In the system currently being considered, if all the internal pumps 21 are hypothetically tripped, the amount of voids in the core 22 will increase rapidly due to a sudden decrease in the core flow rate, and the reactor water level will rise. leading to turbine trip. When a turbine trip occurs, the reactor scrams and shuts down safely. However, this embodiment can scram the reactor in a shorter time than such a reactor protection device.

As described above, in this embodiment, when the initial core flow rate is smaller than a predetermined value, and even if the initial core flow rate is greater than or equal to the predetermined value, the core flow rate is determined at the predetermined time point from the time when all internal pumps trip. Since the scram signal 14 is not output when the voltage does not fall below the low judgment value, unnecessary scrams can be avoided even when all internal pumps trip.
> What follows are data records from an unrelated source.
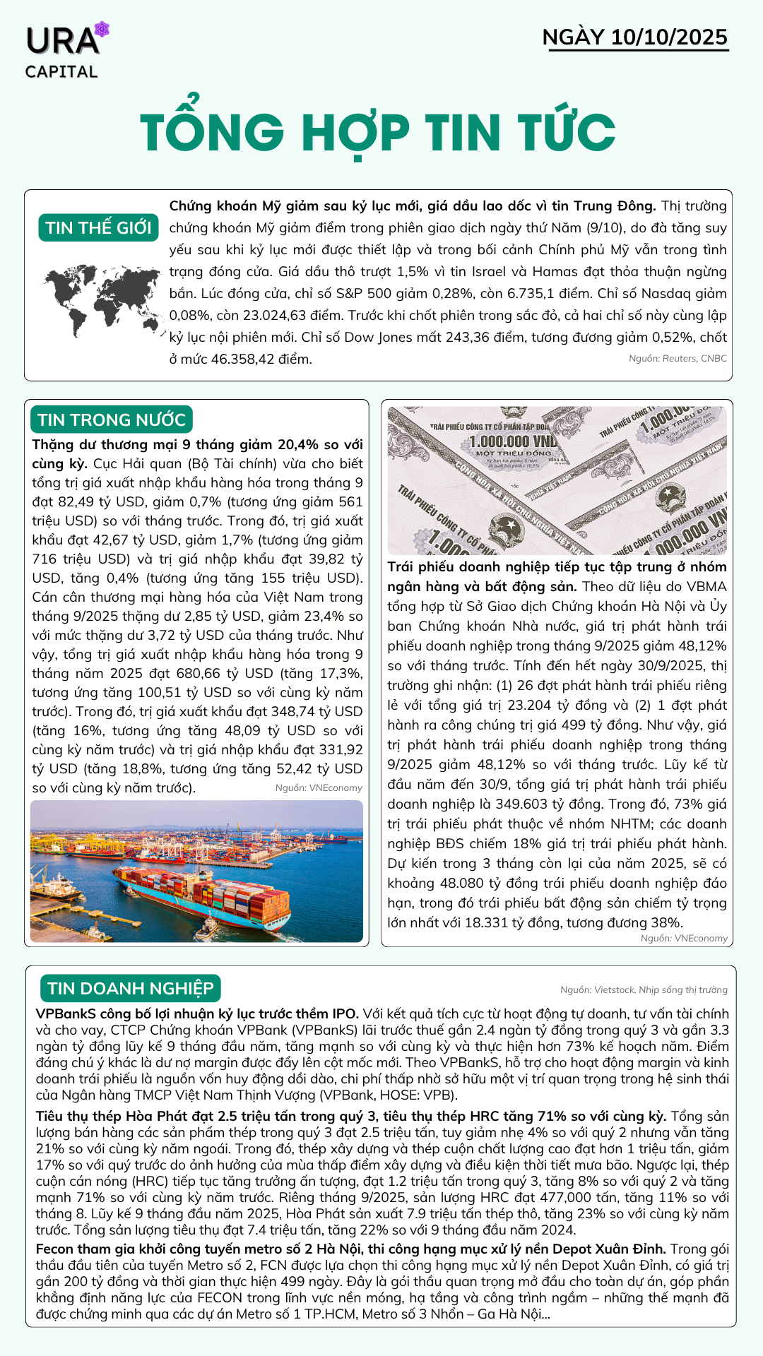 Tổng hợp tin tức 10/10/2025 Thứ Sáu, 10/10/2025 uracapital Chia sẻ bài viết: Menu Trang chủ Tin tức Báo cáo & Phân tích Báo cáo Phân tích Dịch vụ Tư vấn đầu tư Đào tạo kiến thức đầu tư Quản lý danh mục đầu tư Tư vấn kế hoạch tài chính Kiến thức đầu tư Kiến thức cơ bản Kiến thức nâng cao Phân tích kỹ thuật Phân tích kỹ thuật Phân tích cơ bản Hỗ trợ Hướng dẫn giao dịch Liên hệ Về Ura Capital Tin tức nổi bật
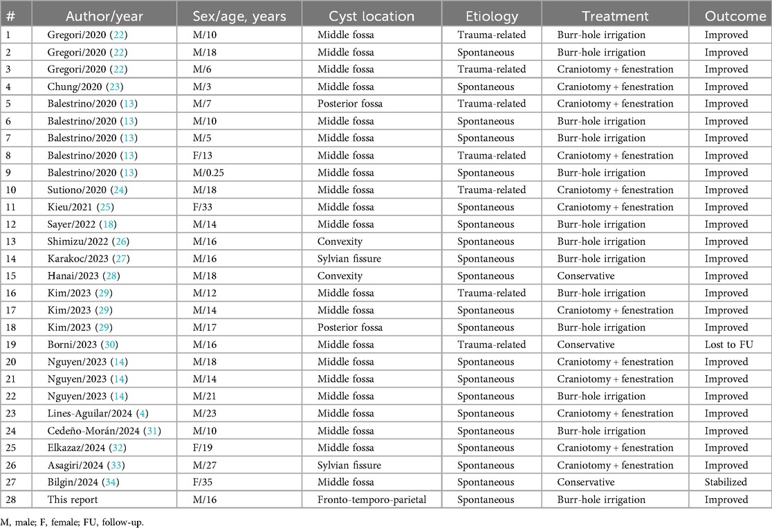 A total of 28 cases were identified and analyzed with respect to patient demographics, etiology, treatment modality, and clinical outcomes. The majority of patients were male (n = 24, 85.7%), with a mean age of 15.3 years (range: 3 months–35 years)—most cases (n = 21,75%) involved middle cranial fossa cysts. A history of minor or unrecognized trauma was reported in 7 cases (25.0%), while the remainder were truly spontaneous.
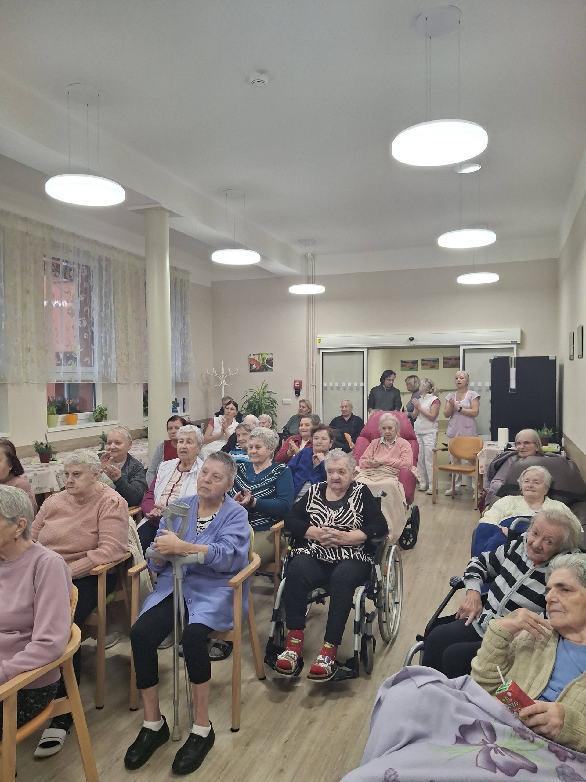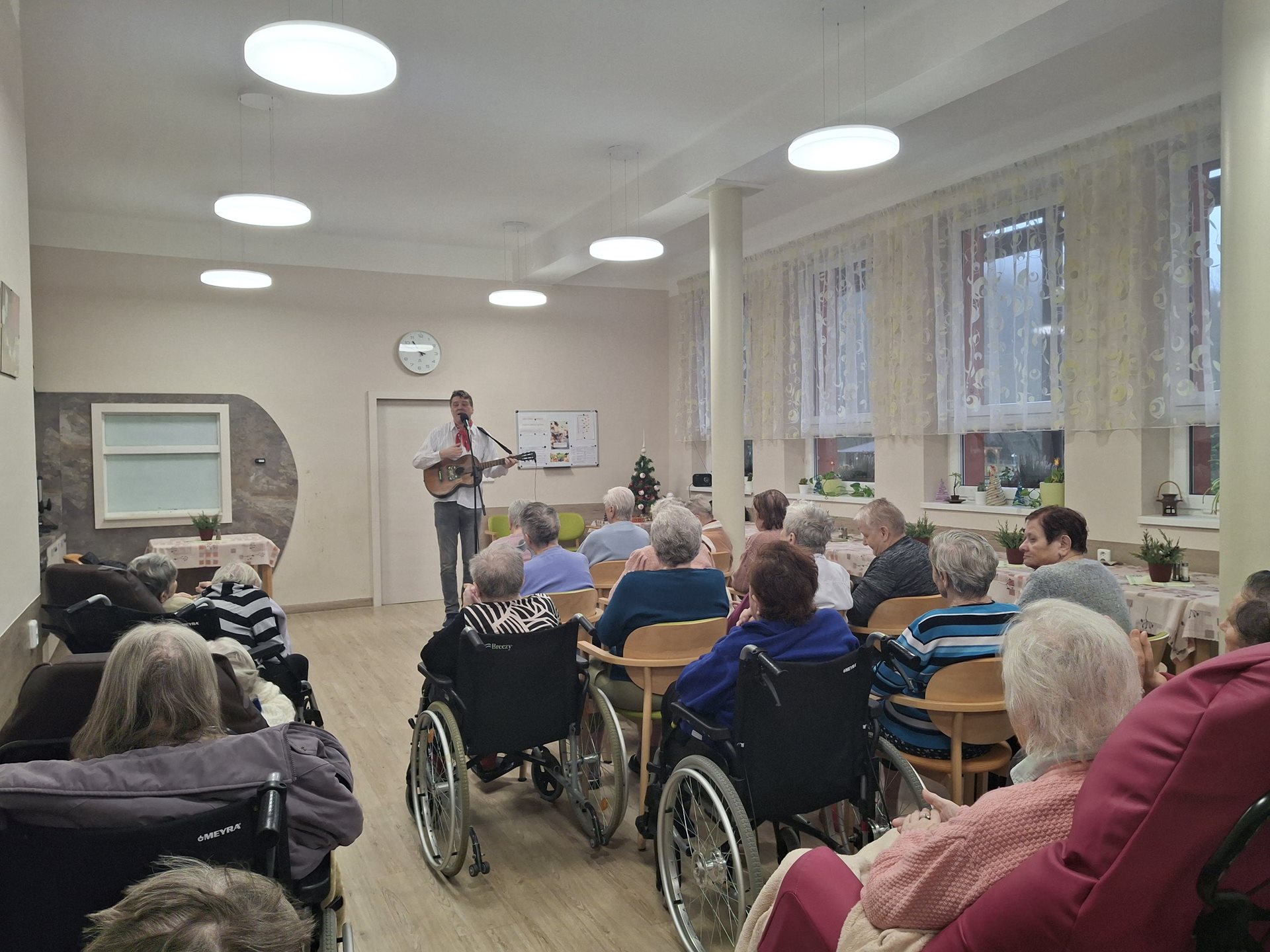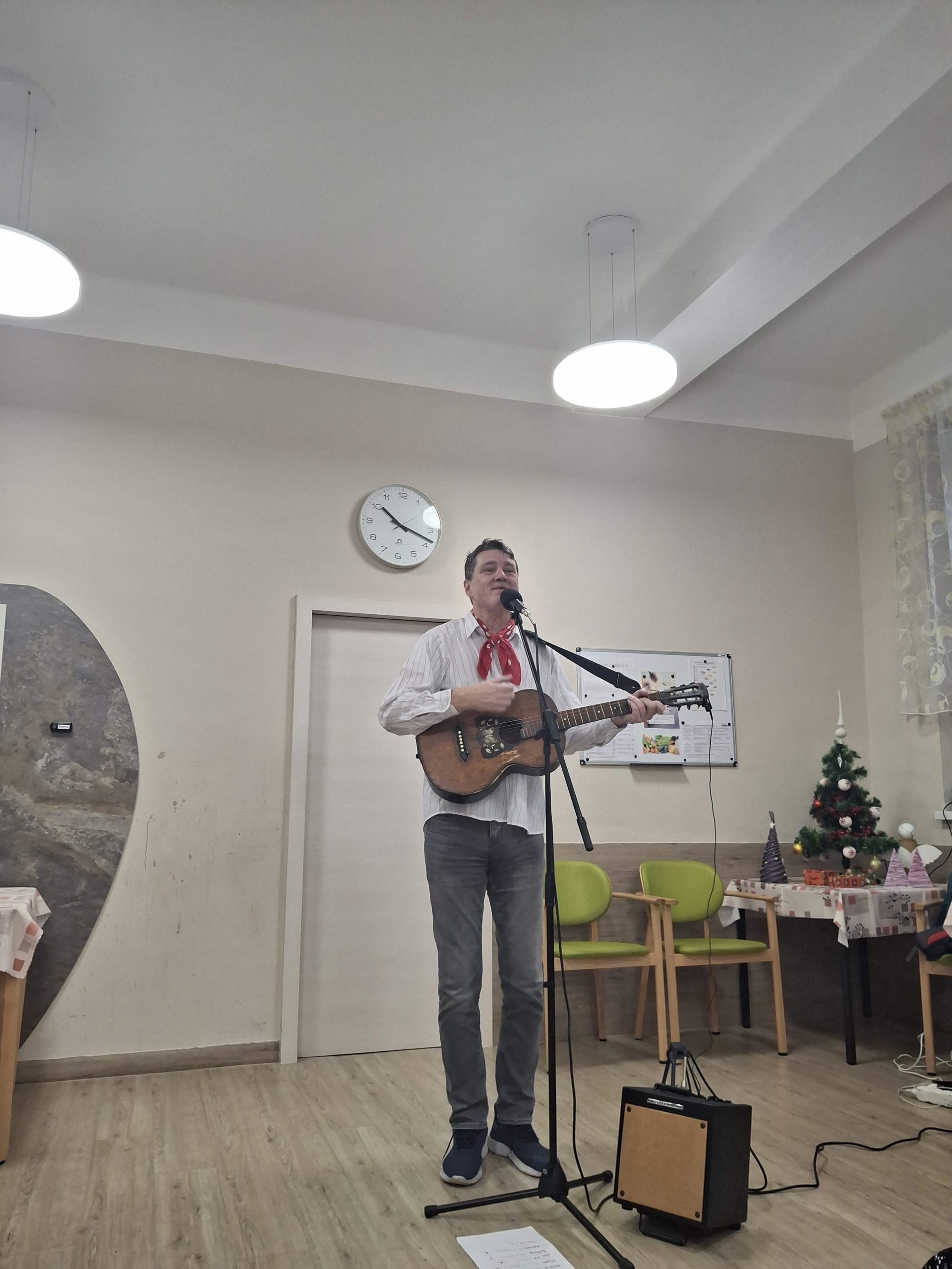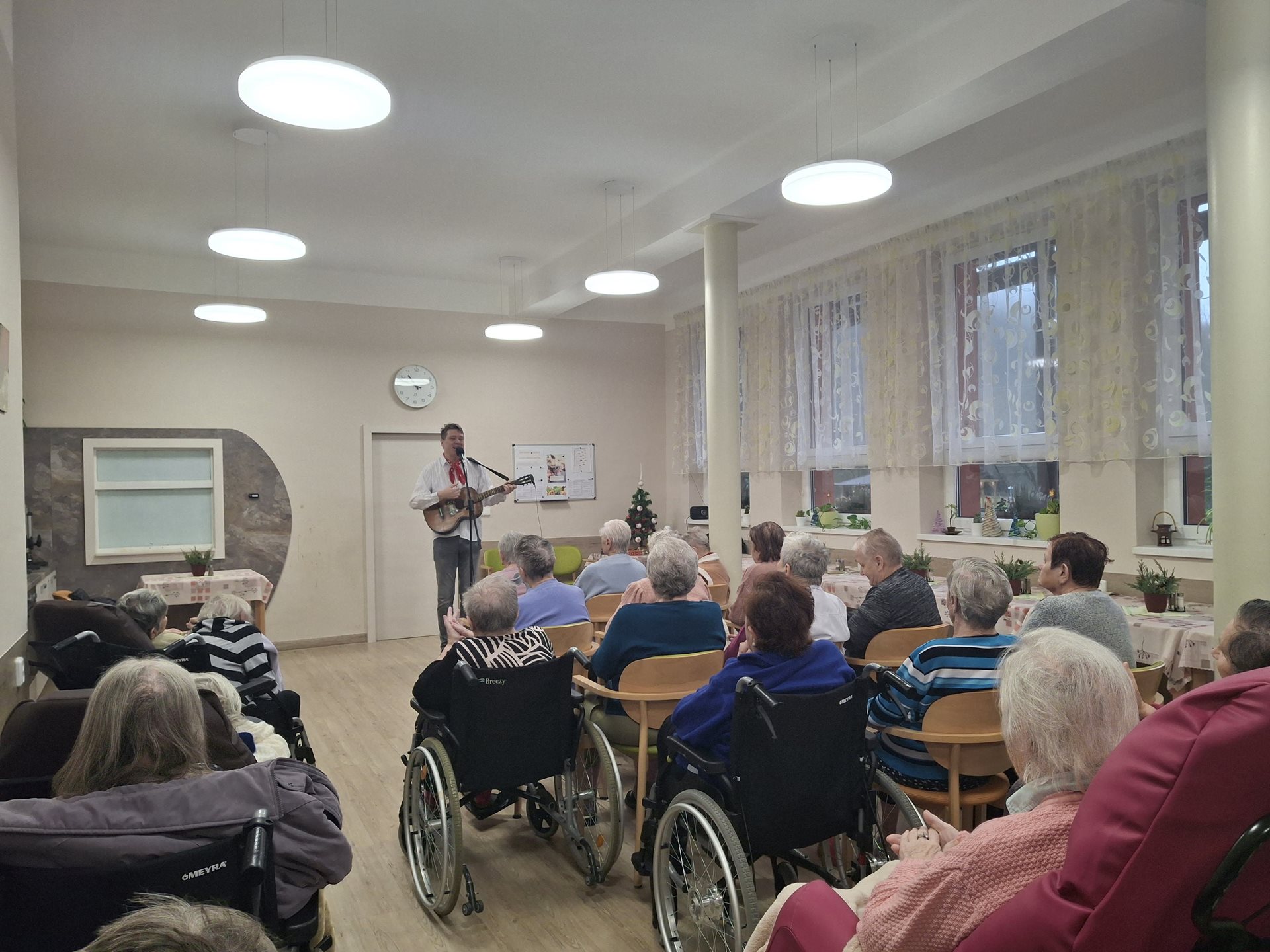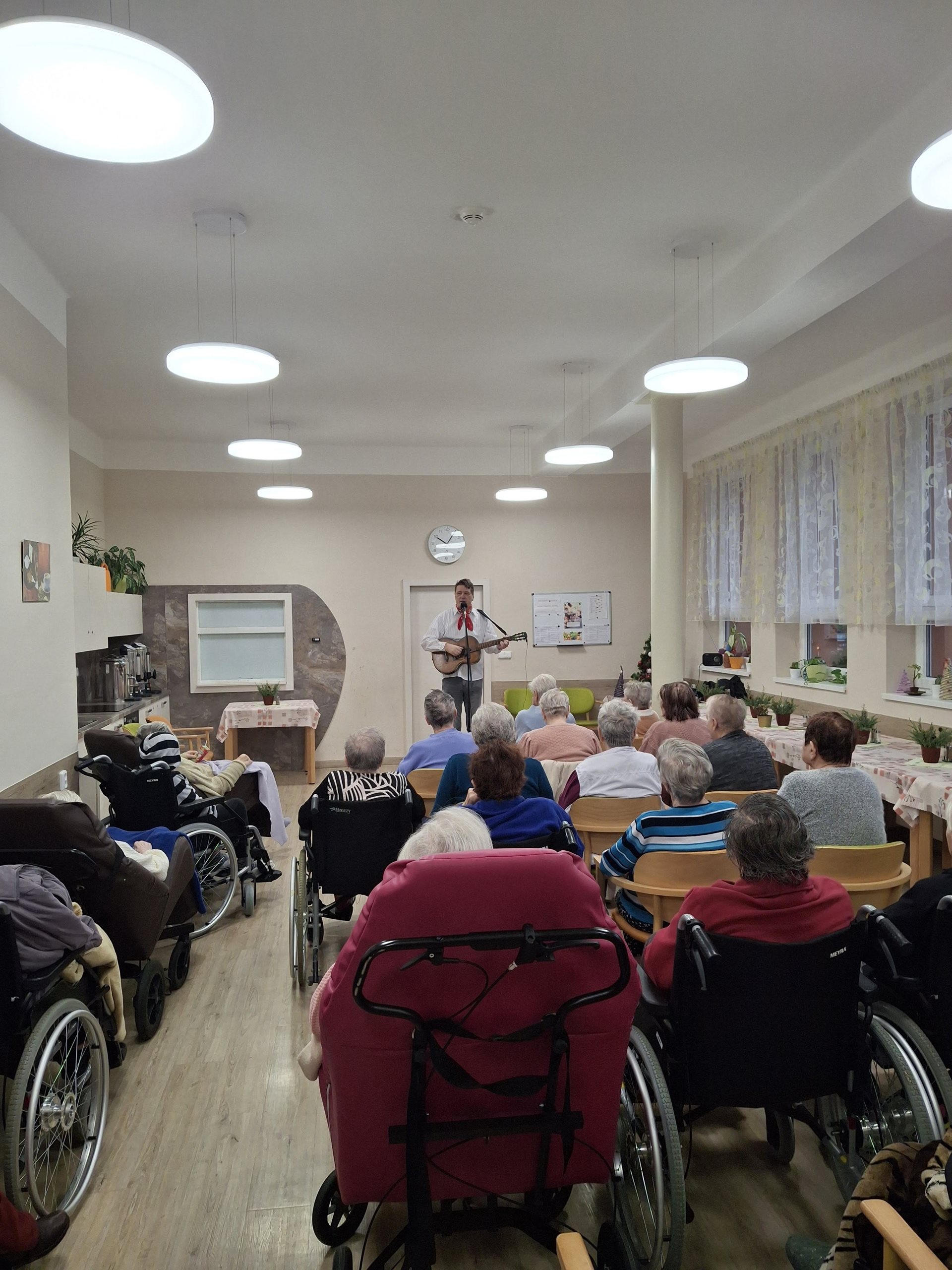 Zazněly nejznámější „šlapeťácké“ písně, staropražské a lidové skladby i oblíbené písně Karla Hašlera. Pan Pecháček myslel také na vánoční atmosféru, a tak jsme si společně zazpívali známé koledy. Publikum se sešlo v hojném počtu. Vystoupení jsme si velmi užili a byl to příjemně strávený čas.

It should be noted that the judgment values and signal holding times shown in this embodiment are representative examples, and are set appropriately for each plant.

〔Effect of the invention〕

According to the present invention, even if all internal pumps trip, the reactor can be scrammed in a short time, and the safety of the reactor is significantly improved.

Furthermore, even if the coolant flow rate when all the internal pumps are tripped is smaller than the first predetermined flow rate, and even if the coolant flow rate when all the internal pumps are tripped is greater than or equal to the first predetermined flow rate, the predetermined time period elapses. Unnecessary scrams can be avoided even when all internal pumps trip when the coolant flow rate does not fall below the second predetermined flow rate.

[Brief explanation of the drawing]

Fig. 1 is a block diagram of a nuclear reactor protection device that is a preferred embodiment of the present invention, Fig. 2 is a detailed block diagram of the scram judgment device of Fig. 1, and Fig. 3 is a block diagram of the reactor protection device of Fig. 1. FIG. 4 is a diagram showing a reactor power-core flow rate curve explaining the logic of this, and is a configuration diagram of a nuclear reactor having an internal pump. 4... Initial core flow rate determination unit, 7... Signal holding unit, 10... Filter, 11... Core flow rate determination unit, 15... Control rod drive device, 16... Control rod,
17...Scram judgment device, 21...Internal pump, 22...Reactor core, 24...Motor, 29
...AND circuit.

Claims (1)

[Scope of Claims] 1. A reactor vessel containing a reactor core, a plurality of internal pumps provided in the reactor vessel and supplying coolant into the reactor core, and control rods inserted into the reactor core. and a device for driving the control rods, wherein the coolant flow rate measured by a flow meter that detects the flow rate of the coolant supplied to the reactor core is determined when the internal pumps are fully tripped. When the coolant flow rate is equal to or higher than the first predetermined flow rate and becomes equal to or lower than the second predetermined flow rate, which is smaller than the first predetermined flow rate, after a predetermined time has elapsed from the time when all the internal pumps are tripped, the scram occurs. scram determination means that outputs a signal and does not output the scram signal when the coolant flow rate when the internal pump is fully tripped is smaller than the first predetermined flow rate; A nuclear reactor protection device comprising means for controlling the control rod drive device to rapidly insert control rods into the reactor core. 2. Claim 1, wherein the first predetermined flow rate is a 55% flow rate, and the second predetermined flow rate is a 35% flow rate.
Reactor protection device as described in Section 1.